This week in the War, 12–18 April 1943: Murder in Katyn forest

Memorial to the Katyn Forest massacre, Gunnersbury, UK [Creative Commons Attribution 2.0 Generic license, author: Jake from Manchester]

Memorial to the Katyn Forest massacre, Gunnersbury, UK [Creative Commons Attribution 2.0 Generic license, author: Jake from Manchester]

This week in the war, on 13 April 1943, Radio Berlin announced a grisly discovery in Katyn forest, close to Smolensk. Upwards of 3,000 Polish officers were found buried in layers in a number of mass graves.

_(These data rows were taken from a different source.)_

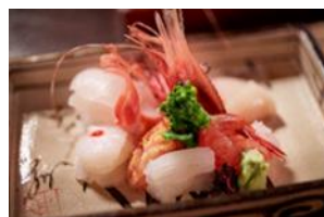
御料理なる海の料理一例
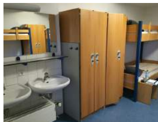
Zimmer JH Nürnberg
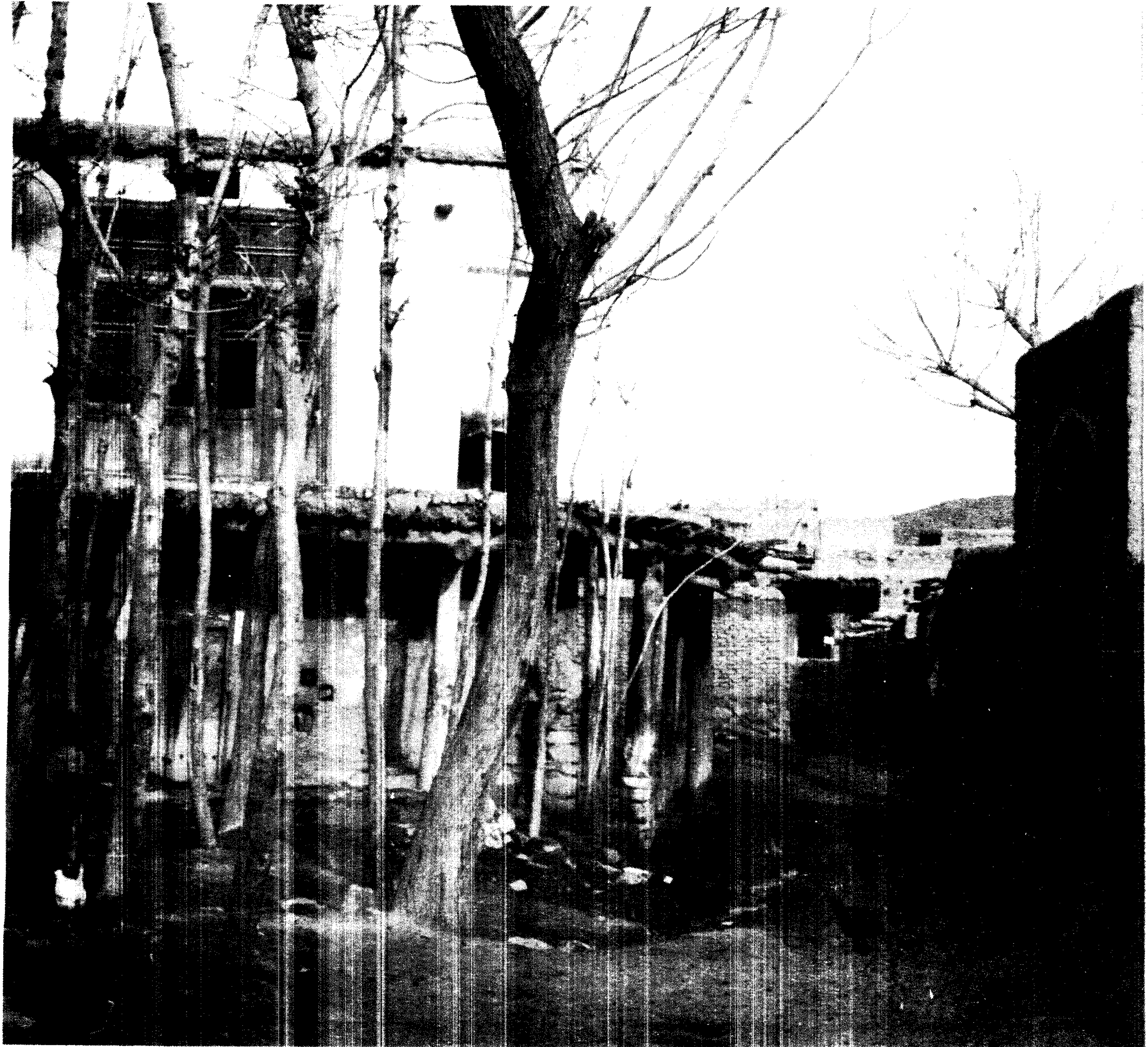
مرکز هماهنگی مطالعات محیط زیست

The officers had been captured by the Soviets during their invasion of Poland in 1939. (One of the German officers who made the discovery was an army intelligence officer named Colonel von Gersdorff—the same man who, a few weeks earlier, had attempted to blow up Hitler.)

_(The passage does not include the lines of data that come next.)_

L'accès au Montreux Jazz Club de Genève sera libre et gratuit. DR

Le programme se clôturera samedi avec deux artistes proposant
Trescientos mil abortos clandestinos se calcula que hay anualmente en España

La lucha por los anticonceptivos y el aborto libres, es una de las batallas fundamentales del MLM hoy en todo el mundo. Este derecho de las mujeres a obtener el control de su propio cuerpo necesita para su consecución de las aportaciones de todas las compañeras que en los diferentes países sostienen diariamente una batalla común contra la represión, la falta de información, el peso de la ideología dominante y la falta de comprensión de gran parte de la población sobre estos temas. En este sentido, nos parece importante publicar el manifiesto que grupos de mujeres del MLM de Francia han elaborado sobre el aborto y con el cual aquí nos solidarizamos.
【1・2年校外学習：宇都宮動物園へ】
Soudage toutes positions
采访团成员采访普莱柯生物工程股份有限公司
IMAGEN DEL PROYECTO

The Germans were quick to blame the Soviets for the massacre and invited international observers and forensic experts to inspect the site. The Soviets were equally quick to blame the Nazis. Britain and the USA, being unwilling to offend their Soviet allies, concurred with the Soviet view. Neither Churchill nor Roosevelt was willing to accept evidence to the contrary.

Letters, postcards, newspaper clippings and other items found on the bodies in the Katyn forest confirmed that the murders took place in the spring of 1940, well before the German army had arrived in the region.

Over 20,000 Polish military officers, police officers and intellectuals were murdered in 1940 at camps and prisons in Russia.

It was not until 2010 that the Russian Dumas (parliament) officially admitted that the Stalinist regime was to blame and that Stalin had personally ordered the executions.